OA development dramatically affects the chondrocyte phenotype, function, and metabolism, in part reducing the expression of the transcription factor Sox9 , which is essential for the preservation of the chondrocyte phenotype and its function. In this regard, it is noteworthy that caffeine intake in pregnant rats reduced Sox9 expression in the articular chondrocytes of their offspring, which is consistent with the reduced vitality and altered differentiation of these cells. This, in turn, involves low-quality articular cartilage , which might increase OA susceptibility in adulthood.

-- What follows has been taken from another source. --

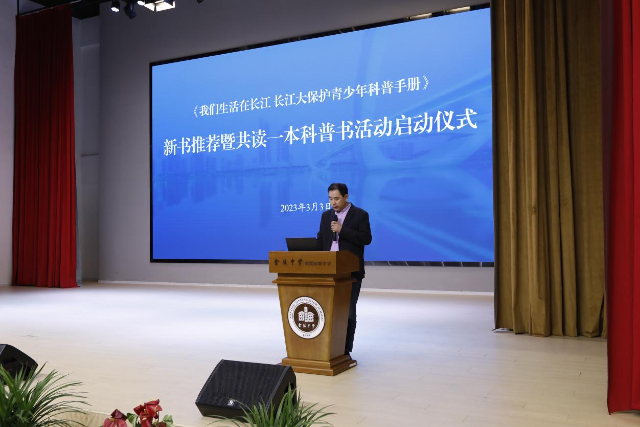 建邺区委宣传部三级调研员、区阅读办副主任王高峰向学生们推荐了《我们生活在长江:青少年长江大保护科普手册》,该书由南京守望自然科普中心、江苏省淡水水产研究所、江苏省动物学会联合编写,从文化、物种、保护等多层面解读长江,普及科学知识。建邺区全民科学素质工作领导小组办公室向学生代表赠送图书并启动共读一本科普书活动,让青少年更深入了解长江文化和品类繁多的生态物种,进一步强化长江保护意识。

Several studies have suggested a relationship between cholesterol accumulation, metabolic syndrome, and the risk of OA. Consistent with this, PCE induced low-quality articular cartilage in foetal rats, which was associated with local and systemically altered cholesterol metabolism.
Together with these effects, PCE also reduced the IGF-1 signalling pathway in rat foetal cartilage, maintaining its detrimental effects into adulthood. Accordingly, it has been suggested that PCE could support the existence of a subset of OA with a foetal origin.
In vitro experiments have revealed that caffeine also exerts direct actions on chondrocyte’s primary cultures. Caffeine stimulation in a dose-dependent manner was shown to reduce rat chondrocyte proliferation and viability. Similarly, caffeine also reduced the mRNA expression of key ECM components (COL2A1 and ACAN) in these cells. It also reduced the mRNA expression of several IGF-1 signalling pathway members that participate in chondrocytes’ anabolic responses (Figure 1).